Chapitre 8 (extraits, langue modernisée)

En premier lieu donc […] les sauvages de l’Amérique, habitant en la terre du Brésil, nommés Toüoupinambaoults, avec lesquels j’ai demeuré et que j’ai fréquenté familièrement environ un an, n’étant point plus grands, plus gros, ou plus petits de stature que nous sommes en Europe, n’ont le corps ni monstrueux ni prodigieux à notre égard : ils sont plutôt plus forts, plus robustes et replets, plus dispos, moins sujets à maladie : et même il n’y a presque point de boiteux, de borgnes, contrefaits, ni maléficiés entre eux. Au contraire, plusieurs parviennent jusques à l’âge de cent ou cent vingt ans (car ils savent bien retenir et conter leurs âges par lunes), il y en a peu qui en leur vieillesse aient les cheveux ni blancs ni gris. …Quant à leur couleur naturelle, attendu la région chaude où ils habitent, n’étant pas autrement noirs, ils sont seulement basanés, comme vous diriez les Espagnols ou Provençaux.

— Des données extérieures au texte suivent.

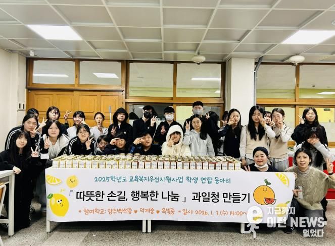 완성된 과일청은 1월 13일, 각 학교를 대표한 학생들과 교육복지사가 양주 백석읍 행정복지센터를 통해 겨울철 건강 취약계층 등 지역사회 이웃들에게 전달했다. 활동 이후에는 소감 나눔 및 만족도 조사 시간을 통해 학교 간 경험을 공유하고, 연합 활동의 의미를 되새기는 시간을 가졌다.

Au reste, chose non moins étrange que difficile à croire à ceux qui ne l’ont vue, tant les hommes, les femmes que les enfants, non seulement sans cacher aucune partie de leurs corps, mais aussi sans montrer aucun signe d’en avoir honte ni vergogne, demeurent et vont coutumièrement aussi nus qu’ils sortent du ventre de leurs mères. Et cependant tant s’en faut, comme certains pensent, et d’autres veulent le faire croire, qu’ils soient velus ni couverts de leurs poils. Au contraire, n’étant point naturellement plus poilus que nous sommes en ce pays par deçà, aussitôt que le poil qui croit sur eux, commence à poindre et à sortir de quelque partie que ce soit, même jusques à la barbe et aux paupières et les sourcils des yeux (ce qui leur rend la vue louche, bigleuse, égarée et farouche), ou il est arraché avec les ongles, ou depuis que les Chrétiens y fréquentent, avec des pincettes qu’ils leur donnent : ce qu’on a aussi écrit que font les habitants de l’Isle de Cumaná au Pérou. J’excepte seulement quant à nos Toüoupinambaoults, les cheveux, lesquels encore à tous les mâles, dès leurs jeunes âges, depuis le sommet et tout le devant de la tête sont tondus fort près, tout ainsi que la couronne d’un moine, et sur le derrière, à la façon de nos majeurs, et de ceux qui laissent pousser leur perruque on leur rogne sur le cou. …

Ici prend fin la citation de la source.